The Brewers pick at No. 25, their only selection until No. 66, and they’re one of the hardest teams in the draft to pin down. Milwaukee doesn’t lock into a demographic. The front office keeps an open mind on player type and tends to chase value wherever it falls, a philosophy that’s built an enviable farm system stocked with position-player depth and a steady pitching pipeline. That flexibility makes No. 25 a genuine wild card. Here’s how the board could set up.
How the Board Sets Up for the Brewers
By the time pick 25 arrives, the board has fractured into a deep, jumbled mix of college arms, prep bats, and falling college hitters with no clean order. For most teams, that’s a challenge. For the Brewers, it’s an advantage. Milwaukee’s willingness to take the best available player regardless of profile means a talent who slips a few spots, a college hitter, a prep arm, a projectable lefty, can drop right into their laps as value. The only question is which kind of player the board serves up.
The Most Likely Pick
The names point in several directions, which is fitting for this front office. MLB Pipeline’s June 18 mock sends Arkansas left-hander Hunter Dietz to Milwaukee at No. 25, noting the Brewers are perusing many of the same college pitchers as the Mariners and also have interest in Sawyer Strosnider and Zion Rose.
Arkansas Razorbacks’ Hunter Dietz (32) pitches the ball as Auburn Tigers take on Arkansas Razorbacks at Plainsman Park in Auburn, Ala. on Friday, April 3, 2026.Dietz is a big, high-strikeout lefty, the kind of projectable arm Milwaukee’s development group has shown it can sharpen, and a clean value play if he slides this far.
The throughline isn’t the position, it’s the value. Milwaukee has historically leaned toward hitters early but won’t force it, and the Brewers profile as a floor for any of the mid-first-round college bats who slip, including names like Strosnider. Whether it’s an arm like Dietz or a falling bat, the pick will be about who offers the most talent at the slot.
The Wild Card
This is where Milwaukee’s reputation for surprises comes in. Baseball America’s Carlos Collazo connects the Brewers to Mississippi prep third baseman Cole Prosek more than any other team, calling him the owner of one of the best hit-power combinations in the high school class. ESPN’s Kiley McDaniel, in his June mock, goes another way entirely, landing on prep left-hander Logan Schmidt, a projectable 6-foot-4 arm who’s touched the upper-90s and throws strikes.

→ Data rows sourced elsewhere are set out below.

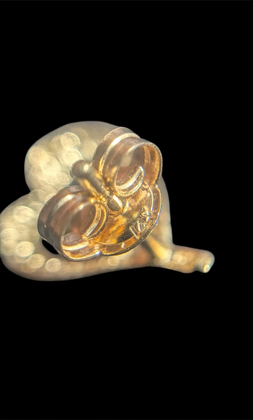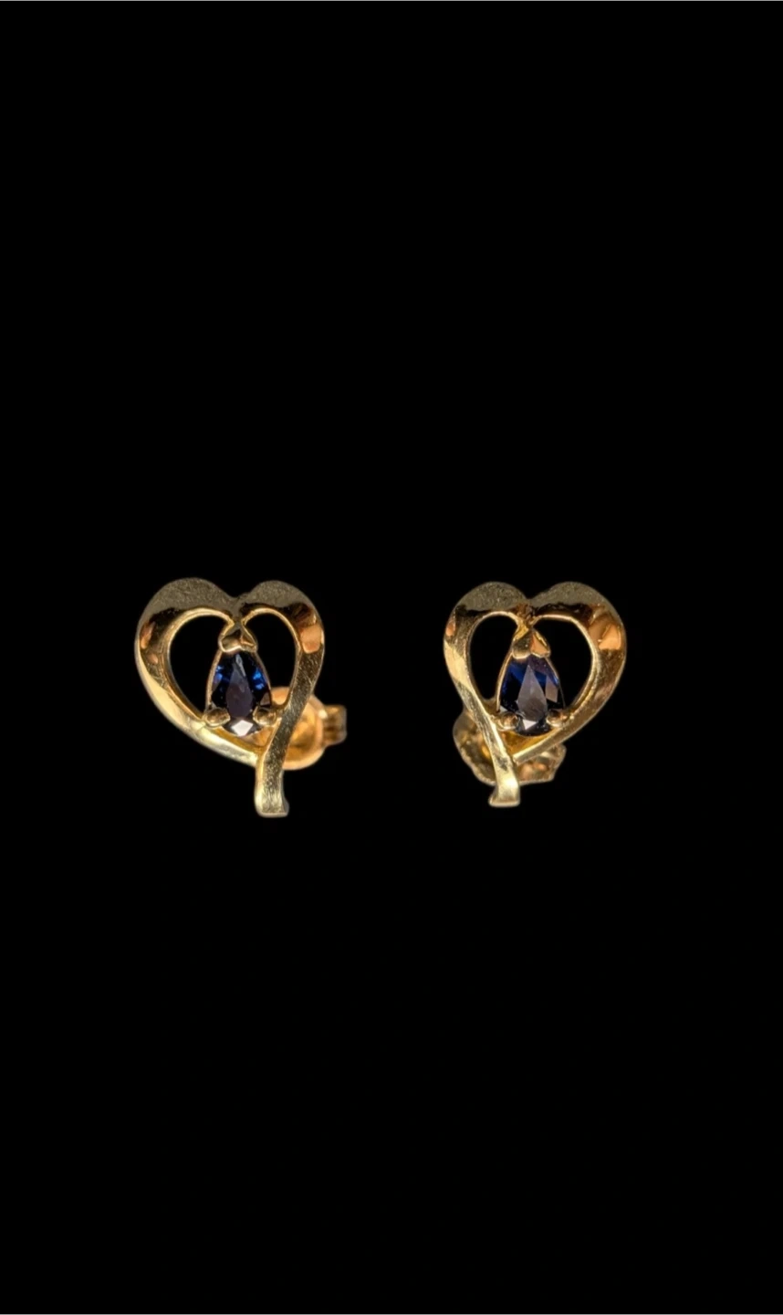 These sweet 10K gold earrings feature a heart design. Each earring has a small, sparkling blue stone at its centre. They're a lovely choice for adding a touch of colour to any outfit.
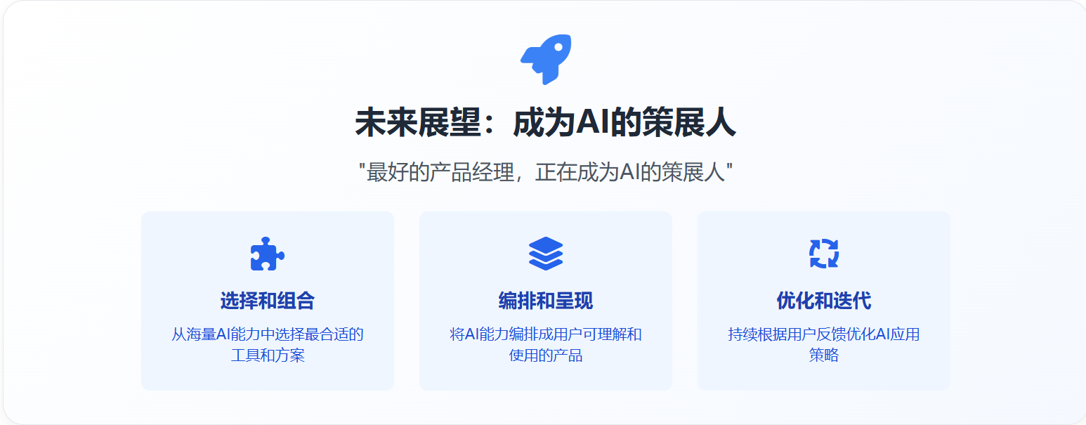 正如硅谷某 CEO 所言:”最好的产品经理,正在成为 AI 的策展人“。这个角色定位精准地概括了未来产品经理的核心价值。
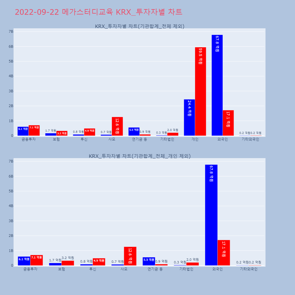 | 투자기관 | 거래량_매도 | 거래량_매수 | 거래량_순매수 | 거래대금_매도 | 거래대금_매수 | 거래대금_순매수 |
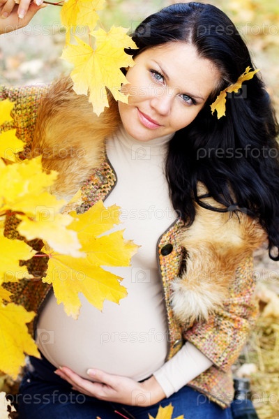 Портрет красивой беременной женщины на улице осенью

McDaniel also points out a wrinkle worth watching: Milwaukee surprised the industry by taking Brady Ebel high last year, and the Brewers are rumored to be on his brother, Trey, this year too. That’s the kind of off-script move that fits Milwaukee’s history, and a reminder that pinning down this pick is close to impossible. Prep bat, prep arm, college arm, or a falling college hitter, all are live.
Bottom Line
The Brewers are the draft’s ultimate wild card at No. 25. They take the best value, not the best fit for a profile, and the board this deep tends to drop talent into their range. Dietz is the most-mocked name, with Prosek, Schmidt, and a possible Ebel-brother surprise all in the mix. However it breaks, trust Milwaukee to find value, because few teams do it better.